I'd be happy to review a PR. At the minute, I'm still learning Spark
SQL, so writing documentation might be a bit of a stretch, but reviewing
would be fine.
Thanks!
On 12/16/2016 08:39 AM, Thakrar, Jayesh wrote:
Yes - that sounds good Anton, I can work on documenting the window
functions.
*From: *Anton Okolnychyi <[email protected]>
*Date: *Thursday, December 15, 2016 at 4:34 PM
*To: *Conversant <[email protected]>
*Cc: *Michael Armbrust <[email protected]>, Jim Hughes
<[email protected]>, "[email protected]" <[email protected]>
*Subject: *Re: Expand the Spark SQL programming guide?
I think it will make sense to show a sample implementation of
UserDefinedAggregateFunction for DataFrames, and an example of the
Aggregator API for typed Datasets.
Jim, what if I submit a PR and you join the review process?
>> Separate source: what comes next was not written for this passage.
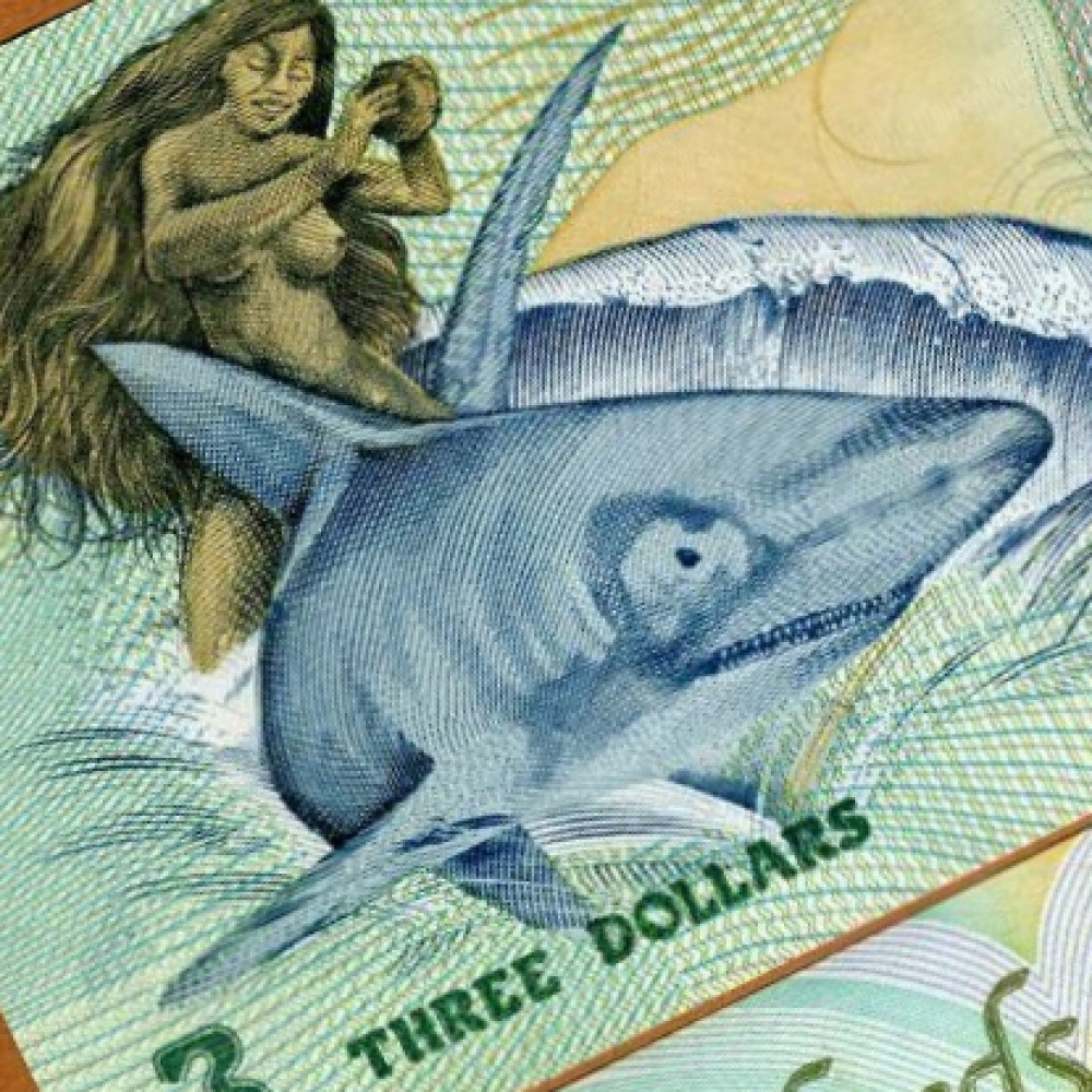 الوجة: عارية إينا تحمل جوز الهند أثناء ركوب القرش المانجو.

I also do
not mind to split this if you want, but it seems to be an overkill for
this part.
Jayesh, shall I skip the window functions part since you are going to
work on that?
2016-12-15 22:48 GMT+01:00 Thakrar, Jayesh
<[email protected] <mailto:[email protected]>>:
I too am interested in expanding the documentation for Spark SQL.
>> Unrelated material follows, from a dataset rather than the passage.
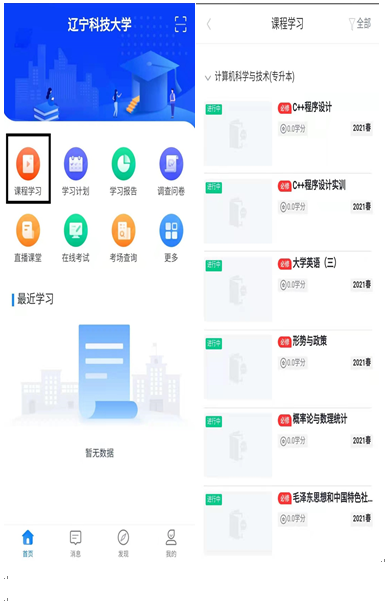 3、選擇課程學習,進入課程界面,2021秋為本學期要學習的課程。

For my work I needed to get some info/examples/guidance on window
functions and have been using
https://databricks.com/blog/2015/07/15/introducing-window-functions-in-spark-sql.html
.
How about divide and conquer?
*From: *Michael Armbrust <[email protected]
<mailto:[email protected]>>
*Date: *Thursday, December 15, 2016 at 3:21 PM
*To: *Jim Hughes <[email protected] <mailto:[email protected]>>
*Cc: *"[email protected] <mailto:[email protected]>"
<[email protected] <mailto:[email protected]>>
*Subject: *Re: Expand the Spark SQL programming guide?
Pull requests would be welcome for any major missing features in
the guide:
https://github.com/apache/spark/blob/master/docs/sql-programming-guide.md
On Thu, Dec 15, 2016 at 11:48 AM, Jim Hughes <[email protected]
<mailto:[email protected]>> wrote:
Hi Anton,
I'd like to see this as well. I've been working on
implementing geospatial user-defined types and functions.
Having examples of aggregations and window functions would be
awesome!
I did test out implementing a distributed convex hull as a
UserDefinedAggregateFunction, and that seemed to work sensibly.
Cheers,
Jim
On 12/15/2016 03:28 AM, Anton Okolnychyi wrote:
Hi,
I am wondering whether it makes sense to expand the Spark
SQL programming guide with examples of aggregations
(including user-defined via the Aggregator API) and window
functions. For instance, there might be a separate
subsection under "Getting Started" for each functionality.
SPARK-16046 seems to be related but there is no activity
for more than 4 months.
Best regards,
Anton